Texte intégral
R. Duchemin.- Merci d'être avec nous ce matin en direct sur France Info. Alors, on attendait le chiffre : 30.000 soldats américains supplémentaires envoyés en renfort en Afghanistan, 30.000 de plus, "pour finir le travail", a expliqué B. Obama cette nuit. C'est quoi, B. Kouchner, finir le travail en Afghanistan ?
C'est pouvoir se retirer en laissant aux Afghans, au gouvernement, aux partenaires locaux, en particulier aux directeurs, qui devraient, pour une part, changer, et surtout aux Afghans eux-mêmes, les projets, leurs responsabilités, la direction de ce pays. C'est assez clair, et c'est un discours clair et déterminé que celui du président Obama. Il a même annoncé qu'à partir de 2011 les troupes se retireraient.
Oui, dès juillet...
Pas toutes bien sûr. Mais à partir de 2011, et c'est d'ailleurs ce qu'avait dit le président Karzaï dans son discours au moment de sa réélection.
Ça veut dire qu'on a deux ans devant nous, Amérique et pays alliés, pour éradiquer sur place la menace talibane notamment. On a entendu cette nuit B. Obama dire « c'est de là que sont partis les attentats, il y en a de nouveaux qui se préparent. » Est-ce que ça va suffire deux ans, B. Kouchner, justement, pour les localiser et pour éradiquer cette menace-là ?
Deux ans, plus huit années dernières, cela fera dix ans.

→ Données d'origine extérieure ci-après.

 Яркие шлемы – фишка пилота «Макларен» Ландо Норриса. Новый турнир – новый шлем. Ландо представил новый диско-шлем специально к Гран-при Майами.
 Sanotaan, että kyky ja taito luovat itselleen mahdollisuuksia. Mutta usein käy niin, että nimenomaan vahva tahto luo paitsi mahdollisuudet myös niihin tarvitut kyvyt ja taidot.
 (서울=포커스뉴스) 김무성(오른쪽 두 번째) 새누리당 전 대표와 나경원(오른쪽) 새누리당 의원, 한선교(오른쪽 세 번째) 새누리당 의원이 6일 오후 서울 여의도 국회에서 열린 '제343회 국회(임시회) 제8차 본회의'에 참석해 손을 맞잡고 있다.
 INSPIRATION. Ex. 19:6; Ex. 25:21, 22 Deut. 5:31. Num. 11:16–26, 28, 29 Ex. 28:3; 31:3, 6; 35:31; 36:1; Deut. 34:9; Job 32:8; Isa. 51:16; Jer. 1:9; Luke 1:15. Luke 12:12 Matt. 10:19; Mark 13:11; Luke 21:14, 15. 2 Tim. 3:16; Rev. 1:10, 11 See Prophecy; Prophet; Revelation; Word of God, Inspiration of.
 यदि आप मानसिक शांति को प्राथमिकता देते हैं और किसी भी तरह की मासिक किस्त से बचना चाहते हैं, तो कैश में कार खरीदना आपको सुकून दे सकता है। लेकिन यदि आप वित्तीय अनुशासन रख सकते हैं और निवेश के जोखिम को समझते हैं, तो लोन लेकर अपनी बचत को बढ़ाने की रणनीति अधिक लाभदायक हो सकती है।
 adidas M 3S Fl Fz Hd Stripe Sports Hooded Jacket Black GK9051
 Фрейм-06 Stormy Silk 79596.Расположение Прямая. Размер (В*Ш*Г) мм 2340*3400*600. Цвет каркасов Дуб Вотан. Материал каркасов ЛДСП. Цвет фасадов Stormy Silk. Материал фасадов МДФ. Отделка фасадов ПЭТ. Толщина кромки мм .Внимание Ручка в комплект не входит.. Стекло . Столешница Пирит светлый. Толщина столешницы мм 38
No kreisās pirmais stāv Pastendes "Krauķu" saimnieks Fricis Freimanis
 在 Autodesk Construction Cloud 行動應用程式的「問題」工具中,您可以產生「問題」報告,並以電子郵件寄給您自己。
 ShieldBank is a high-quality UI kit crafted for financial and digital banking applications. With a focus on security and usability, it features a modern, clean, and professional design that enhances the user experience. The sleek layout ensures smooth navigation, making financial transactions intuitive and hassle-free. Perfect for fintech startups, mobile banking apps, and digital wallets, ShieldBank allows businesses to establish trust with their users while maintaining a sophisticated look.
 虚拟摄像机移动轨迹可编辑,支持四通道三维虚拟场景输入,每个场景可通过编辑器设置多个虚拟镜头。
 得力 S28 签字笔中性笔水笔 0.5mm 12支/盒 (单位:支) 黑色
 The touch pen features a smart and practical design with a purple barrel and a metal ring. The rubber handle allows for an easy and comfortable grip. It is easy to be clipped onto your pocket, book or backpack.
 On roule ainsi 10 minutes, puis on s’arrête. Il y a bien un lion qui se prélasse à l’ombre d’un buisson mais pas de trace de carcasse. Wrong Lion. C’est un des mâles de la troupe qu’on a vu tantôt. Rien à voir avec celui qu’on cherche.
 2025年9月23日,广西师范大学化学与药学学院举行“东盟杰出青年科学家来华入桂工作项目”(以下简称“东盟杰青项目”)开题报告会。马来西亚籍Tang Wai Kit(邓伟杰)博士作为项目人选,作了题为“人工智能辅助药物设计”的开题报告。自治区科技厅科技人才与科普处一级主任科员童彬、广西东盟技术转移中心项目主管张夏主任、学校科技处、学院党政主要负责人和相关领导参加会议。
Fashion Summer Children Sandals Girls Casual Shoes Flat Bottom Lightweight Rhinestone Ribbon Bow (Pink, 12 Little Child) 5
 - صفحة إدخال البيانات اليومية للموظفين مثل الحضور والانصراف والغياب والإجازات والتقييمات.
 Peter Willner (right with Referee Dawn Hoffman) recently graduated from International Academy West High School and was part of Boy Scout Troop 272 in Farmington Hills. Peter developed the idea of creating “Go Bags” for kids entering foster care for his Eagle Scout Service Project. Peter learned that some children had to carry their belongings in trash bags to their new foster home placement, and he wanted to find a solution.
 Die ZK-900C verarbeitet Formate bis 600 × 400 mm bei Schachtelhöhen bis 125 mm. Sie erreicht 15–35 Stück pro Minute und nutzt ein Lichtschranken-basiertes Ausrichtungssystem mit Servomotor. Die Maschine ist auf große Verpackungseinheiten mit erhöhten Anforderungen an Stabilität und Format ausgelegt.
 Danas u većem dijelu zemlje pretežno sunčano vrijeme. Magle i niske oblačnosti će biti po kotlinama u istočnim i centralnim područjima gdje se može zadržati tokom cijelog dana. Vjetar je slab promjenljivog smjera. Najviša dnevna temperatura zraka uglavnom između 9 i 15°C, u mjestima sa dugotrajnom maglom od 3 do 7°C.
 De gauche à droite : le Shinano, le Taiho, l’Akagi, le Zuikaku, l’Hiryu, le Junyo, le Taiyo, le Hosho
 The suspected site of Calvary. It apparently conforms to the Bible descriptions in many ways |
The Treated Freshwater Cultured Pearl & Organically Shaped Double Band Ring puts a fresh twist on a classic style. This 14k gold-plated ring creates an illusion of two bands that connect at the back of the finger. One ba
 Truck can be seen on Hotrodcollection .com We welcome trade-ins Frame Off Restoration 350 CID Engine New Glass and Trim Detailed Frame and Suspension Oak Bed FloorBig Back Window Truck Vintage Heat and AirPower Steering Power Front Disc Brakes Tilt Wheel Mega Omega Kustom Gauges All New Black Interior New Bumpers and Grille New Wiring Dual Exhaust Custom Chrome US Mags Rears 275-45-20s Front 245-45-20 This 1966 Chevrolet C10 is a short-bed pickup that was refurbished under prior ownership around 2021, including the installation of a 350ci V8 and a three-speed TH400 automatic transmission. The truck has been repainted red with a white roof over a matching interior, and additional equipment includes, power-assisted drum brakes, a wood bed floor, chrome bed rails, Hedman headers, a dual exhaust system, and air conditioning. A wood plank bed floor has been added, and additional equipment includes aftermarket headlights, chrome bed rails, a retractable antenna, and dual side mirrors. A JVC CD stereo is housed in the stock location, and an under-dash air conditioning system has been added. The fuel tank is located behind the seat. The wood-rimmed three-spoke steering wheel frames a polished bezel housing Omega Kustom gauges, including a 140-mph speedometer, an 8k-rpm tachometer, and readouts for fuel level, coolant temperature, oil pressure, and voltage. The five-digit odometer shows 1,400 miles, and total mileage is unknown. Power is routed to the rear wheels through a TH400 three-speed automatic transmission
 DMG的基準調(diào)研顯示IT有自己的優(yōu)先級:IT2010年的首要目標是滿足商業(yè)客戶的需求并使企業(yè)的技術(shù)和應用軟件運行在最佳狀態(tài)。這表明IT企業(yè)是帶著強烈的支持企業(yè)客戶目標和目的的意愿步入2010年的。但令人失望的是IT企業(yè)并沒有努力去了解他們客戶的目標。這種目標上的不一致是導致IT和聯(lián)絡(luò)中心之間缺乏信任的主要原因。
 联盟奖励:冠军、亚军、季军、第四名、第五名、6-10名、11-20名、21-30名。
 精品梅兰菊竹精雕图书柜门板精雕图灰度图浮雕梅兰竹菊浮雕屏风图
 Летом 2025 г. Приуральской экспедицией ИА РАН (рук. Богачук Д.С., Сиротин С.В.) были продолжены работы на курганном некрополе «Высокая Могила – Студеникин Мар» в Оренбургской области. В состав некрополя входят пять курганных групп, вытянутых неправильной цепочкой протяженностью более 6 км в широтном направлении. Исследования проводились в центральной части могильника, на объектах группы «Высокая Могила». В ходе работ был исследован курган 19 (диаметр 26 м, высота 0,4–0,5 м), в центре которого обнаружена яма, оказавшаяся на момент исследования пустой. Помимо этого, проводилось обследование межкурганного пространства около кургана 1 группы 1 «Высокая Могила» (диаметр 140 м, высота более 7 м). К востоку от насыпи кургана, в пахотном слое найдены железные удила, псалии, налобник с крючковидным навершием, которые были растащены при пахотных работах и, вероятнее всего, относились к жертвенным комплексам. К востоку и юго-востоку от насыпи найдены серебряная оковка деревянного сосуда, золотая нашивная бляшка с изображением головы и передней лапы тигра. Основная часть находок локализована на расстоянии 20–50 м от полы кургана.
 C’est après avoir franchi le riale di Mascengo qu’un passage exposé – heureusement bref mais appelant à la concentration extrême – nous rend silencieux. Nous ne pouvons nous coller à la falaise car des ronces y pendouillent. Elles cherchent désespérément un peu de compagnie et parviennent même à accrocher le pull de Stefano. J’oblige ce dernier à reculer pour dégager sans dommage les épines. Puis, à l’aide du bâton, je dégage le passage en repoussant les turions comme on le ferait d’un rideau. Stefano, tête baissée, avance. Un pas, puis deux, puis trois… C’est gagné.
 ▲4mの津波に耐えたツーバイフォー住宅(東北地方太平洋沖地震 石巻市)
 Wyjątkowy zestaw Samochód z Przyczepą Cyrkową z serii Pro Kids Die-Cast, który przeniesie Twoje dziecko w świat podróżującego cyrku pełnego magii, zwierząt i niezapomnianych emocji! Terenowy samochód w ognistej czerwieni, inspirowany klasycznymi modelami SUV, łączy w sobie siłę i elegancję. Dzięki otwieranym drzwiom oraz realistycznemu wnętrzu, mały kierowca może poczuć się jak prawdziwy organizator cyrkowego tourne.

...Qui n'ont probablement pas suffi.
Non, qui n'ont pas suffi. Mais éradiquer c'est un mauvais mot parce que c'est aux Afghans d'éradiquer eux-mêmes, c'est aux Afghans de choisir leur destin, c'est aux Afghans de choisir leur société. Et si on voit par exemple, là où nous sommes, où les soldats français - qui sont formidables, j'en viens il y a quelques jours, dans la vallée de Surobi et de Kapisa -, eh bien dans cette vallée, au moment de l'élection, 47 % - dans une région difficile, où il y a des batailles, où les talibans sont présents - 47% des Afghans ont voté, beaucoup plus que la moyenne nationale. Ces hommes et ces femmes, on ne peut pas les abandonner, mais c'est à eux ensuite de prendre le relais, à l'armée afghane, à la police afghane. Voilà ce qu'a dit le président Obama, ce que nous disons depuis très longtemps.
Donc il a bien fait d'envoyer 30.000 hommes supplémentaires, c'est ce qu'il fallait faire ?
Oui. Encore faut-il savoir à quoi les employer, parce que ce n'est pas le nombre d'hommes, c'est l'action au bon endroit. Et évidemment, les endroits ne se ressemblent pas, les régions sont différentes, les règles d'engagement des brigades et des bataillons nationaux ne sont pas les mêmes. Bien sûr... le discours, encore une fois, était très clair et il y avait une stratégie qui se dessinait. Il y aura, le 28, à Londres, une conférence internationale, et nous verrons comment nous ajustons les choses.
Justement, vous parlez d'ajustement. C'est à ce moment-là que la France prendra la décision d'envoyer des hommes ou des soldats - parce que visiblement, on joue beaucoup sur les mots en ce moment -, des hommes ou des soldats supplémentaires en Afghanistan ? N. Sarkozy, visiblement, a dit non ou peut-être non.
Non, mais attendez, il faut être très clair. Nous avons fait cet ajustement déjà, et au moment où personne n'augmentait le nombre de ses soldats, nous l'avons fait, et encore en novembre dernier.
Mais ça signifie qu'il n'y en aura pas de nouveaux ?
En septembre, pardon, excusez-moi, en septembre de cette année. Non, ça veut dire que nous avons des missions, et la mission de l'armée française, pour le moment, non seulement elle est assumée - je crois que tout le monde admire la manière dont les soldats se... Moi, je les ai vus dans les villages...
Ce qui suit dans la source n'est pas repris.